Analysis Philosophy

Section author: J. S. Oishi <jsoishi@astro.berkeley.edu>

There are many tools available for analysis and visualization of AMR data; there are many just for enzo. So why yt? Along the road to answering that question, we shall take a somewhat philosophical scenic route. For the more pragmatically minded, the answer is simple: what yt does not yet do, you can make it do so. This is not as glib as it may seem: it is in fact the main philosophical tennant that underlies yt. In this section, it is not our goal to show you just how much yt already does. Instead, we will discuss how it is that yt does anything at all. In doing so, we hope to give you a sense of whether or not yt will align with your science goals.

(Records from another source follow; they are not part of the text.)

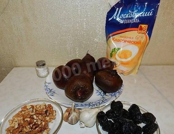 Как сделать Свекольный салат с грецкими орехами черносливом и майонезом? Подготовьте все необходимые ингредиенты. Лучше выбирать свеклу сладких сортов, чтобы вкус салата был ярче.
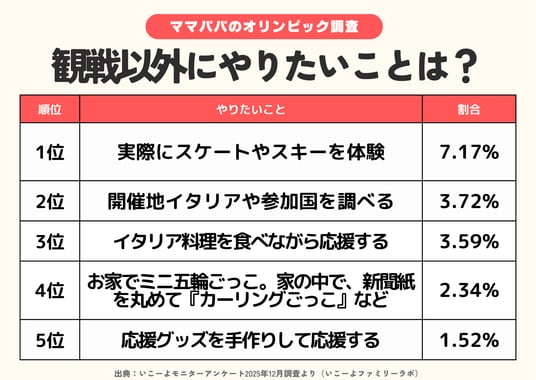 ▶オリンピック観戦、「観ない・未定」が約78%▶ママパパが注目する競技ランキング!「フィギュアスケート」「スノーボード」
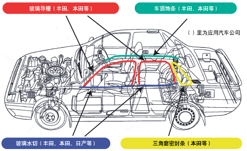 玻璃導槽、內飾表皮材料、擋泥板、各種密封件、各種把手、建材及土木用材料、體育用品
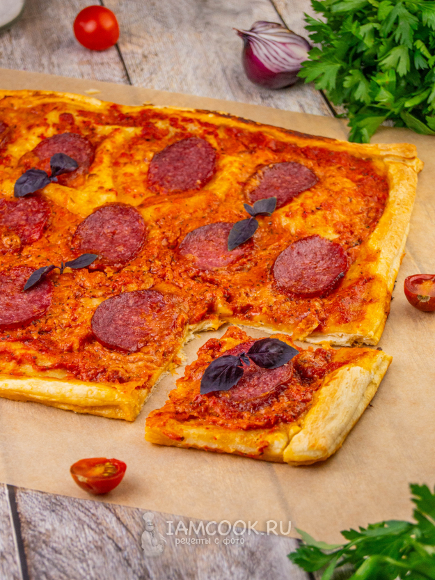 Пицца пепперони на слоеном тесте готова! Нарезайте и подавайте еще горячей. Приятного аппетита!
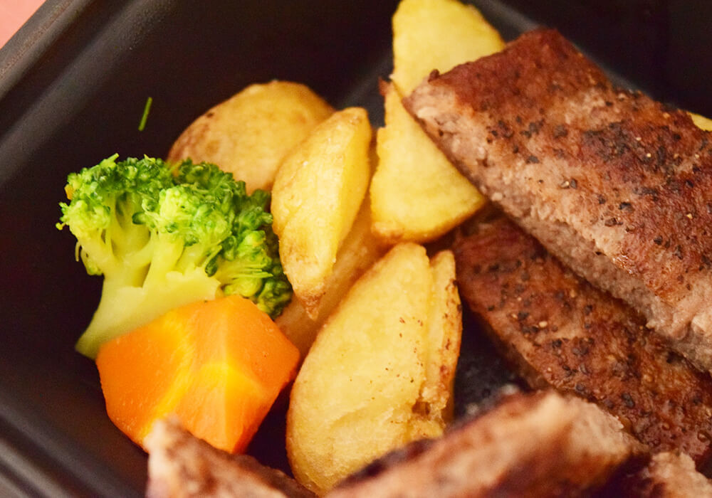 学生ハンバーグの下には、ポテト・ブロッコリー・にんじんが添えられています。中でもポテトはほくほくとした食感が印象的で、満足度の高い仕上がりです。ステーキソースと絡めて食べると、さらにおいしさが引き立ちます。
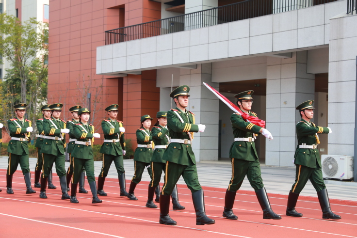 “出旗!”伴随着掷地有声的指令,校国旗护卫队员身姿挺拔、步伐整齐,护送五星红旗庄严入场。“升国旗,奏唱国歌!”当洪亮的口令响彻校园,雄壮激昂的《义勇军进行曲》奏响,全体师生庄严肃立,少先队员行队礼,师生们目光如炬,共同凝视五星红旗在晨光中冉冉升起,以此表达对祖国的深切热爱。
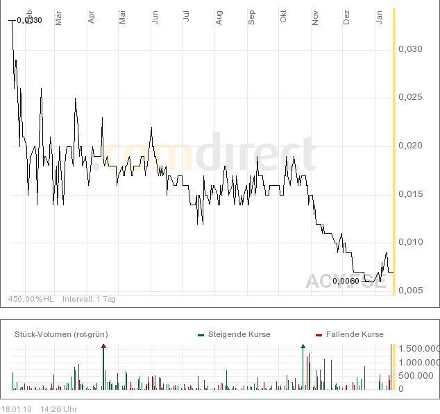 Aktie fast auf Alltimelow welches bei 0,006 Euro
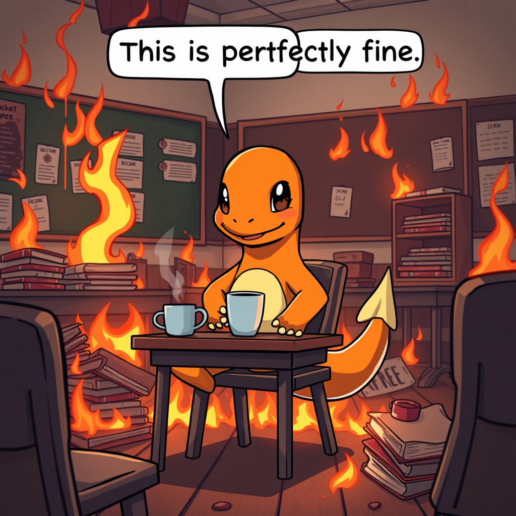 A highly detailed and adorable Charmander sits calmly in a classroom engulfed in flames, clearly proud of the chaos he caused. He is perched on a small wooden chair, a steaming cup of coffee on the desk in front of him. Charmander sports a cheeky grin and his eyes gleam mischievously, reflecting the fiery chaos around him. Above his head, a cartoon speech bubble reads, "This is perfectly fine!" The classroom is filled with charred books, overturned chairs, and walls adorned with lightly singed posters, adding a humorous touch to the scene.
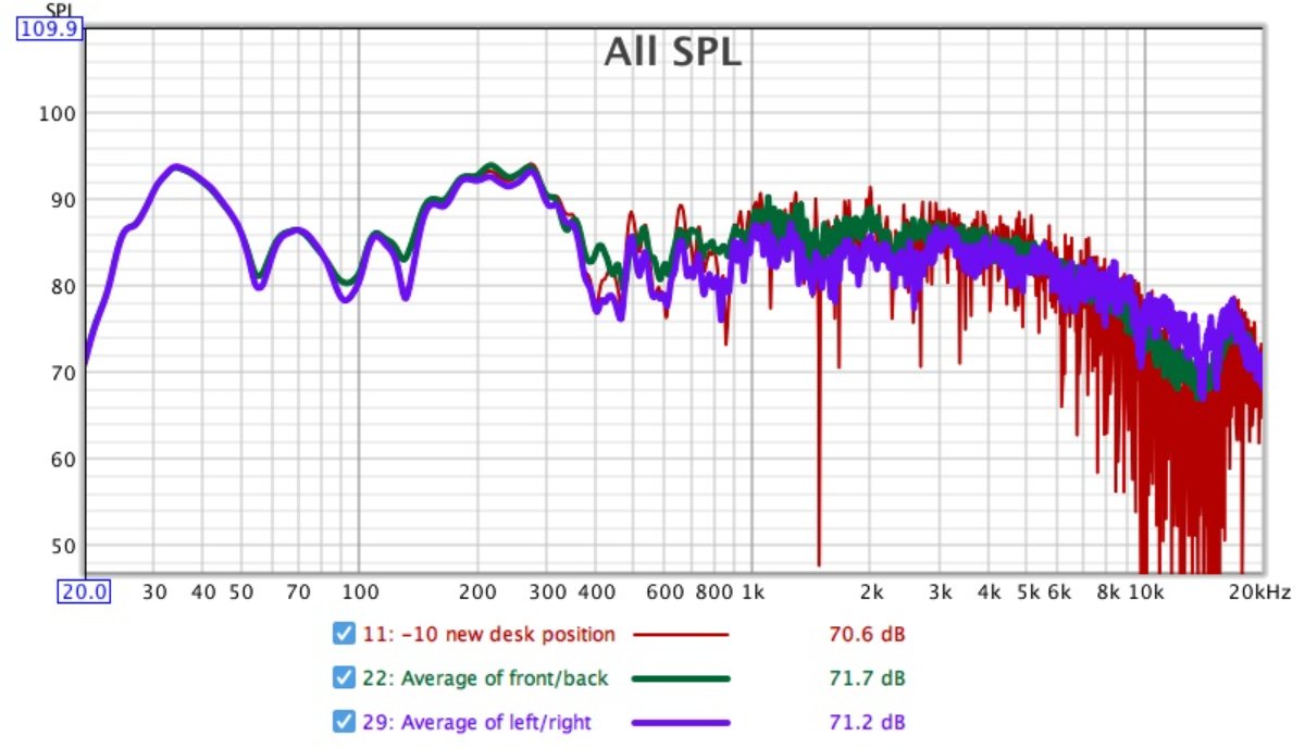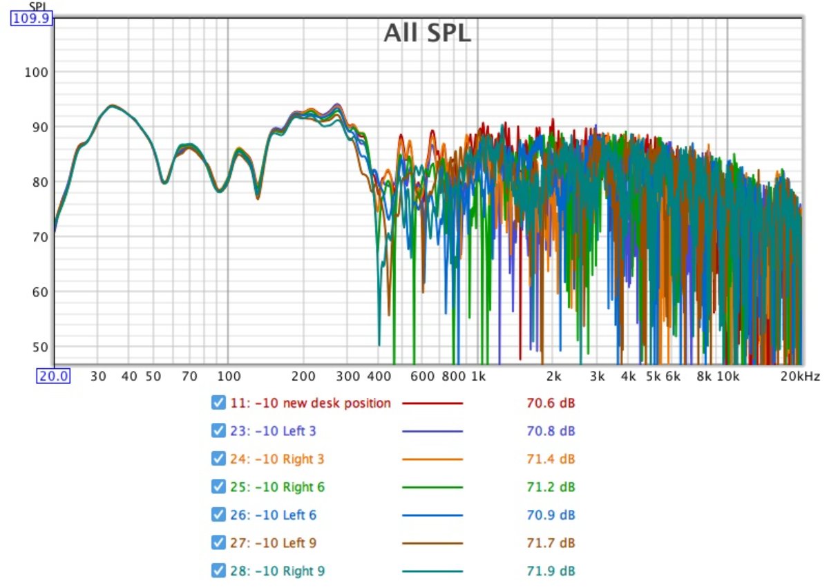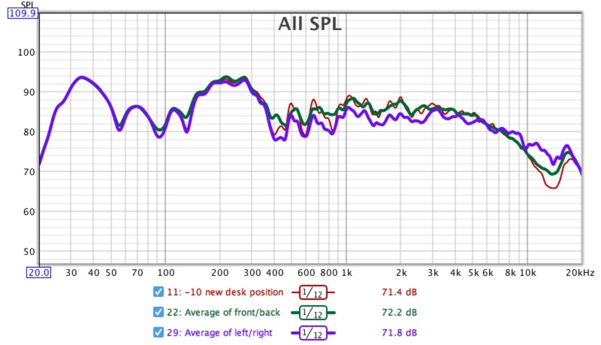 Having put the desk back, I then moved the desk and mic quite far forward towards the speakers, and started working backwards, moving the desk and mic around 1" at a time. As the purpose was not to find the best position for the desk I didn't measure this perfectly.
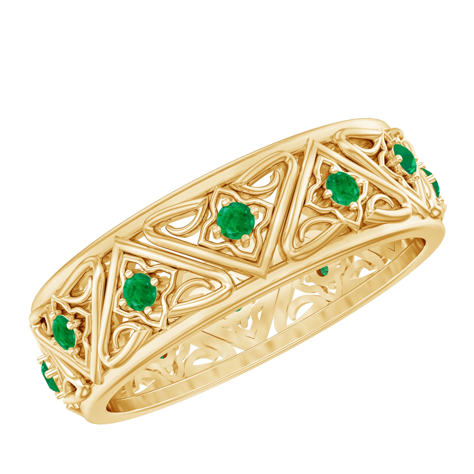Round Gemstone Wedding Rings: Round wedding bands are traditional choices that symbolize eternity and unity. Featuring dainty or bold round gemstones these rings are for their exceptional sparkle.

At its core, yt is not a set of scripts to visualize AMR data, nor is it a set of low-level routines that return a homo- or even heterogeneous set of gridded data to your favorite scientific programming language–though yt incorporates both of these things, if your favorite scientific language is python. Instead, yt provides a series of objects, some common AMR code structures (such as hierarchies and levels in a nested mesh) and some physical (a cylinder, cube, or sphere somewhere in the problem domain), that allow you to process AMR data in order to get at the fundamental underlying physics.

Design Goals

yt evolved naturally out of three design goals, though when Matt was busy writing it, he never really thought about them. Over time, it became clear that they are real and furthermore that they are important to understanding how to use yt. These three goals are directed analysis, repeatability, and data exploration.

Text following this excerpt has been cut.